Иосиф пестовал мечты о сельскохозяйственных поселениях в Гилеаде[27], о белых ослятах[28] и еврейском труде. Дедушка думал о Шуламит, которая осталась позади, измолотив его плоть железными цепами лжи и ревности, и о Палестине, которая для него была всего лишь убежищем от греховной страсти, страной, слишком далекой, чтобы вспоминать прошлое, местом исцеления, где его раны могли бы зарубцеваться.
Он сидел на корме, смотрел на воду и мучительно выпарывал из своего обнаженного сердца нити воспоминаний, которые волочились за кораблем длинными плетями пены. «Погляди, жар нашего сердца распорот на нитки», — писал он многие годы спустя в одной из своих записок.
Все время плавания Яков и Иосиф Миркины ели только хлеб и прессованный инжир и блевали не переставая.

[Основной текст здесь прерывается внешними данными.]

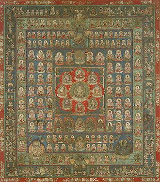 | 曼荼羅 | 密教の教義を表した曼荼羅で、大日如来を中心とする「胎蔵界」と「金剛界」の2つを組み合わせたものです。両界曼荼羅とも呼ばれます。 大日如来を主尊とし、密教の諸尊を2つの体系に統合して構成する正純密教の説く宇宙観を象徴的に表わすものとして最も重視されてきた胎蔵界は12院、金剛界は9会から成る 胎蔵界は慈悲の広がり、金剛界は悟りへの道筋を表すとされる 宇宙に太陽と月があるように、金剛界と胎蔵界の二つの曼荼羅があることによって、一つの世界が表される 寺院の堂内で東西に向き合うように安置され、その間で修法と呼ばれる密教の儀式を行うことによって、仏と一体となることを目指します。 |

«Мы прибыли в Страну и отправились в Галилею[29], и тем же летом мы с братом уже сидели на берегу Киннерета»[30]. Его рука мерно ходит туда и назад, вкладывая в мой рот картофельное пюре, заправленное домашней простоквашей и подсоленным жареным луком. «В ту первую ночь мы охраняли поля, а с рассветом уселись смотреть, как восходит солнце Земли Израиля. Солнце взошло в половине пятого. В четверть шестого оно уже пылало смертным жаром, и Иосиф свесил голову и начал плакать. Не так он представлял себе Великое Возрождение Народа».
Теперь его руки занялись салатом. «Нас было трое друзей. Циркин-Мандолина, Элиезер Либерзон и я. Мой брат Иосиф заболел и отчаялся, уплыл в Америку и больше не вернулся».
Тело дедушки терзали ярость, слабость и жар, он метался между приступами лихорадки и судорогами гнева и тоски.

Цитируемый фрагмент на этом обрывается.